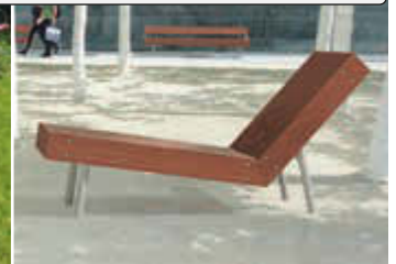
▲ Liegebank WOODY
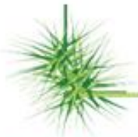
POTATURE DI PIANTE
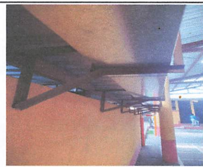
FINALIZACIÓN DEL PROYECTO. CANALETAS

Observación: Si es necesario se pueden agregar hojas adicionales y actualizar el número de hojas.
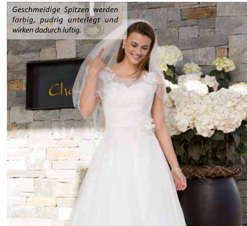
Geschmeidige Spitzen werden farbig, pudrig unterlegt und wirken dadurch luftig.
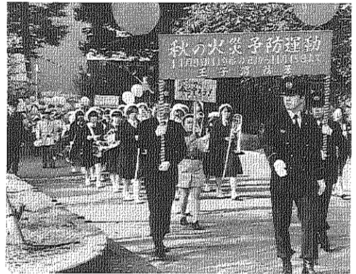
王子消防署と順天学園のパレード
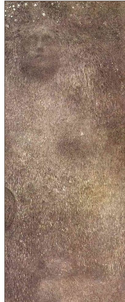
Klimt, La filosofia (particolare)

[.. .] la filosofia non è semplice conoscenza del mondo, filosofia è interrogarsi sugli enigmi che appaiono sullo sfondo di questo mondo che ci si apre davanti. H-G. Gadamer
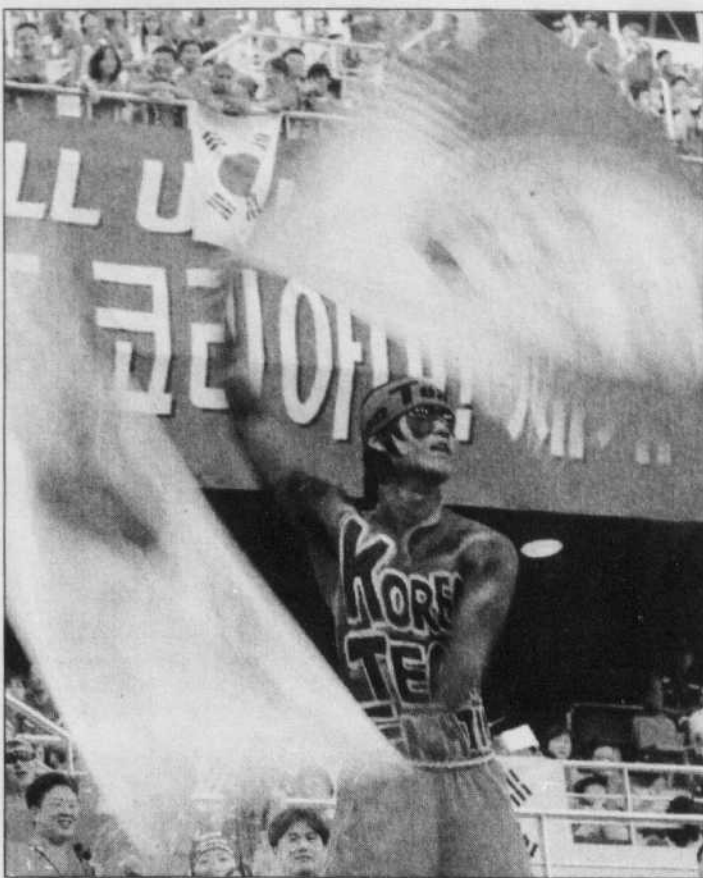
Les supporters de l'équipe sud-coréenne arboraient des maquillages dignes de guerriers indiens et n'ont jamais failli à la tâche d'encourager les leurs.

A 18h, le «Pilsung Korea» («victoire pour la Corée»), hymne de la bande d'Hiddink, et les «Tee Han Min-kuk» («République de
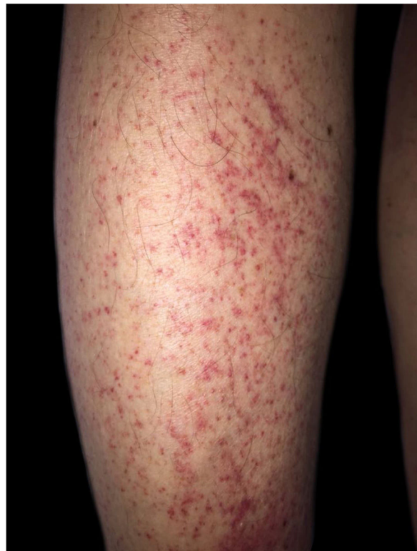
Figura 2 Púrpuras de localização perifolicular.
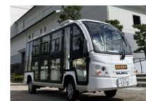
グリーンスローモビリティ [TAJIMA NAO-8J]

実施期間は、11 月 25 日 (木) から 12 月 22 日 (水) です。
──────────
Omit all pictures and write out, exactly, only the lines from the line containing "hymne de la" through the last line of the entries above.

◆ **SOLVED EXERCISE**:
A 18h, le «Pilsung Korea» («victoire pour la Corée»), hymne de la bande d'Hiddink, et les «Tee Han Min-kuk» («République de
Figura 2 Púrpuras de localização perifolicular.
グリーンスローモビリティ [TAJIMA NAO-8J]

実施期間は、11 月 25 日 (木) から 12 月 22 日 (水) です。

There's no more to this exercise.